Dataset entries Block Start

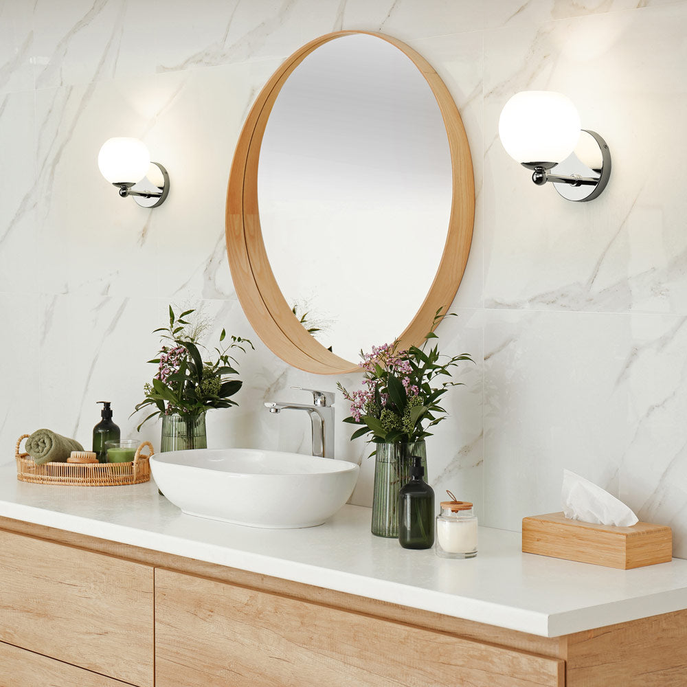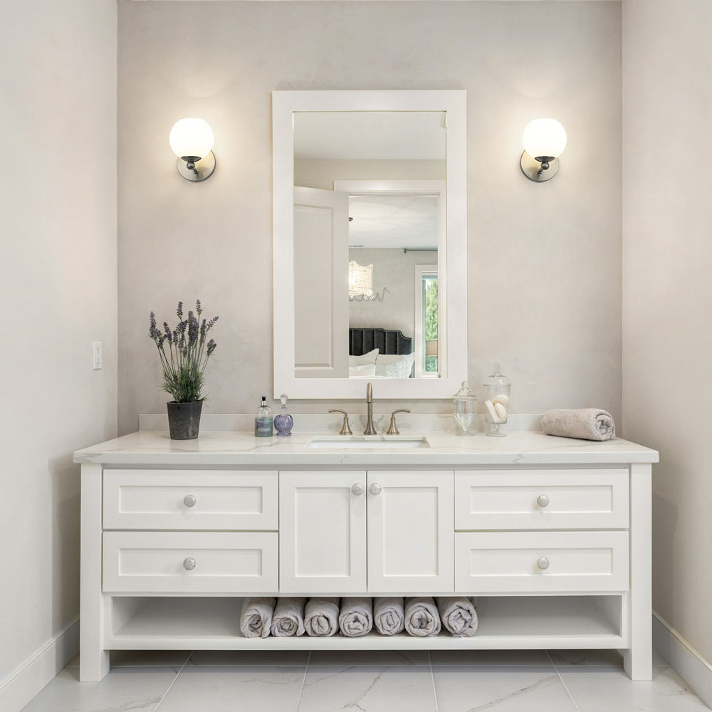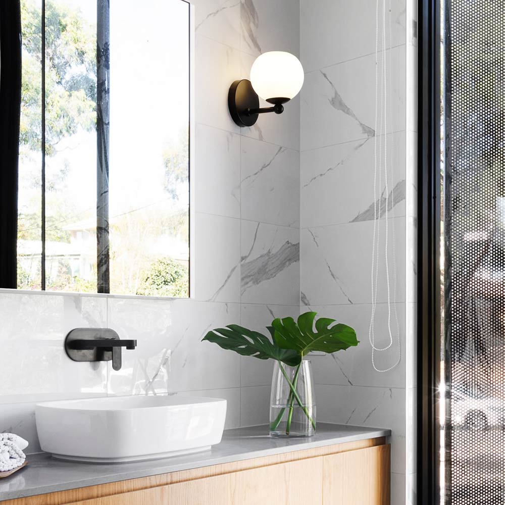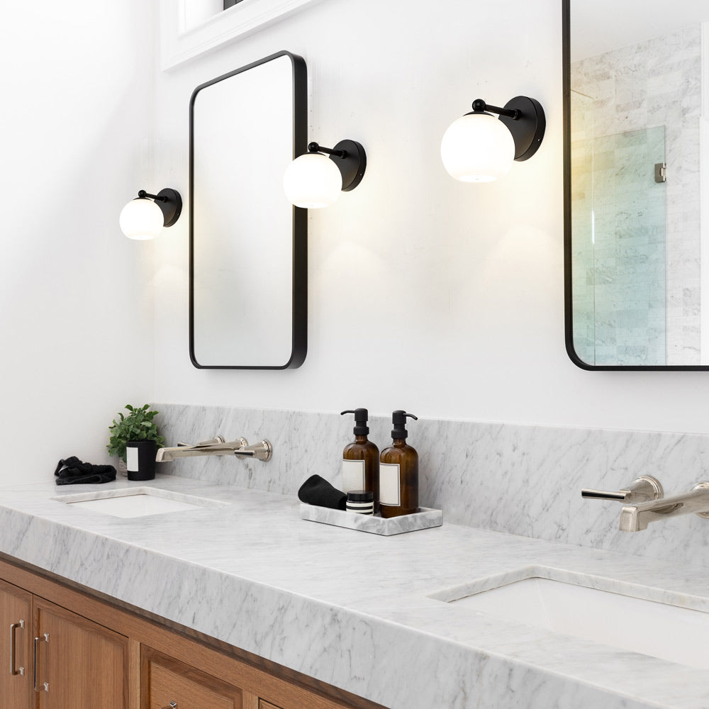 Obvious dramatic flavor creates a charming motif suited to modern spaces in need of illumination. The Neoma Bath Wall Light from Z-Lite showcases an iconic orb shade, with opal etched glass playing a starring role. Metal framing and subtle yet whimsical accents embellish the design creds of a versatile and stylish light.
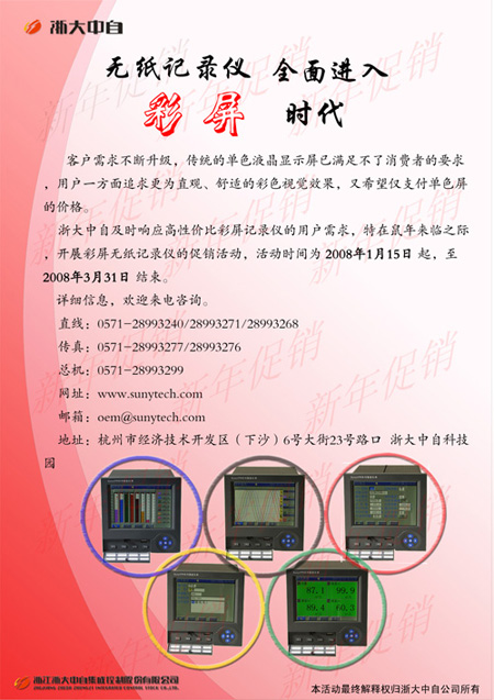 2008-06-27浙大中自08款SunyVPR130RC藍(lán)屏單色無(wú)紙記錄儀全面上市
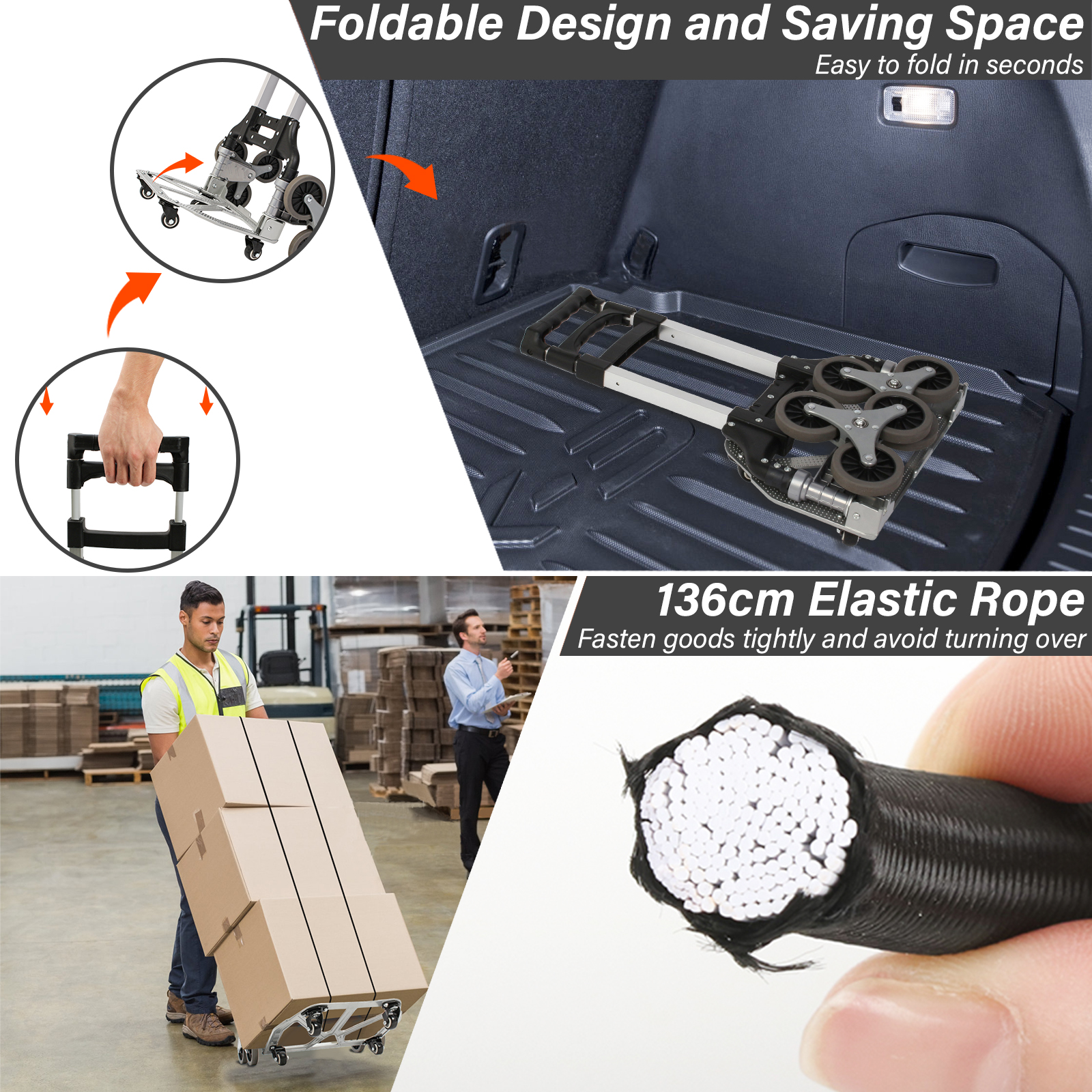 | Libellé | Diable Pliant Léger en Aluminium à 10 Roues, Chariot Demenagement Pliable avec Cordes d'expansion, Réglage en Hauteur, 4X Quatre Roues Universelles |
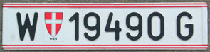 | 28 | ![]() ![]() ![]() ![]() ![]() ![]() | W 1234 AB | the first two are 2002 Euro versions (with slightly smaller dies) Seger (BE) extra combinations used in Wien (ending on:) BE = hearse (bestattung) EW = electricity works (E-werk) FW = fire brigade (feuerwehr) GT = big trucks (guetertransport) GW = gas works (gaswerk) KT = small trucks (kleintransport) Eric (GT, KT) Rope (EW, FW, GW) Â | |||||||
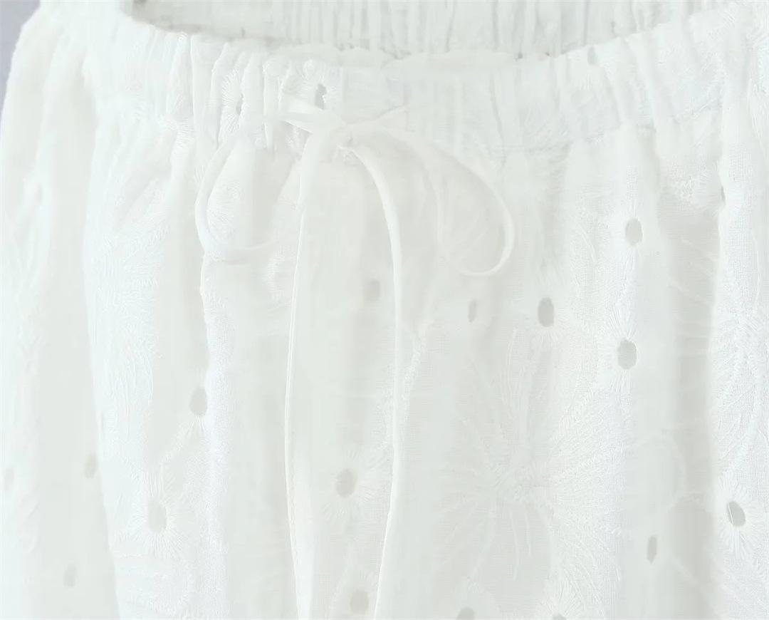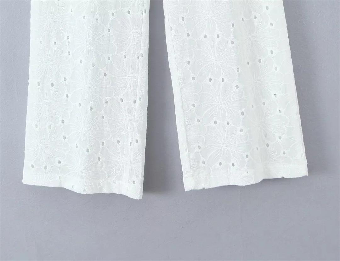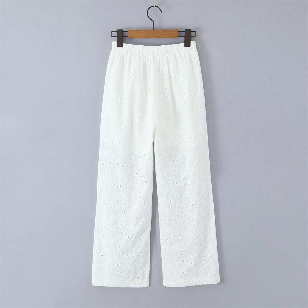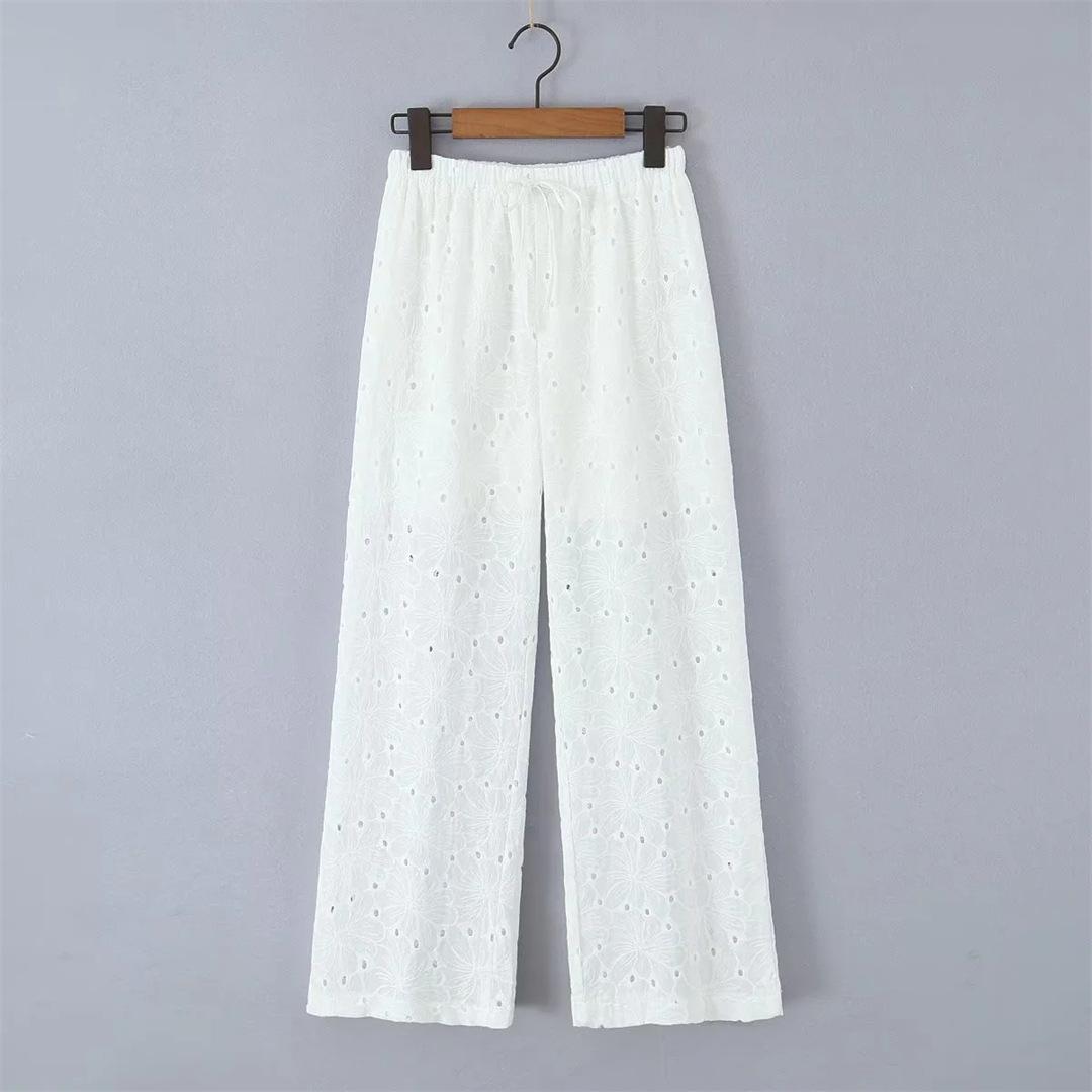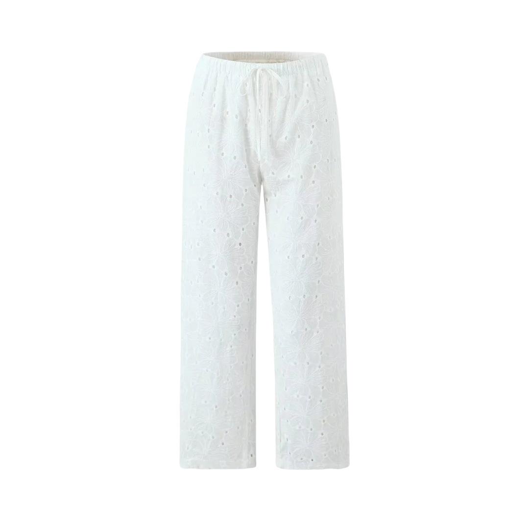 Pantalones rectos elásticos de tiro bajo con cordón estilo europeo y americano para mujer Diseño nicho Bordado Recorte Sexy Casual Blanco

Dataset entries Block End

Reproduce only the lines from the beginning of the data through the line that contains "Roues Universelles |", both included, and please drop the pictures.

### [Solved problem]
 Obvious dramatic flavor creates a charming motif suited to modern spaces in need of illumination. The Neoma Bath Wall Light from Z-Lite showcases an iconic orb shade, with opal etched glass playing a starring role. Metal framing and subtle yet whimsical accents embellish the design creds of a versatile and stylish light.
 2008-06-27浙大中自08款SunyVPR130RC藍(lán)屏單色無(wú)紙記錄儀全面上市
 | Libellé | Diable Pliant Léger en Aluminium à 10 Roues, Chariot Demenagement Pliable avec Cordes d'expansion, Réglage en Hauteur, 4X Quatre Roues Universelles |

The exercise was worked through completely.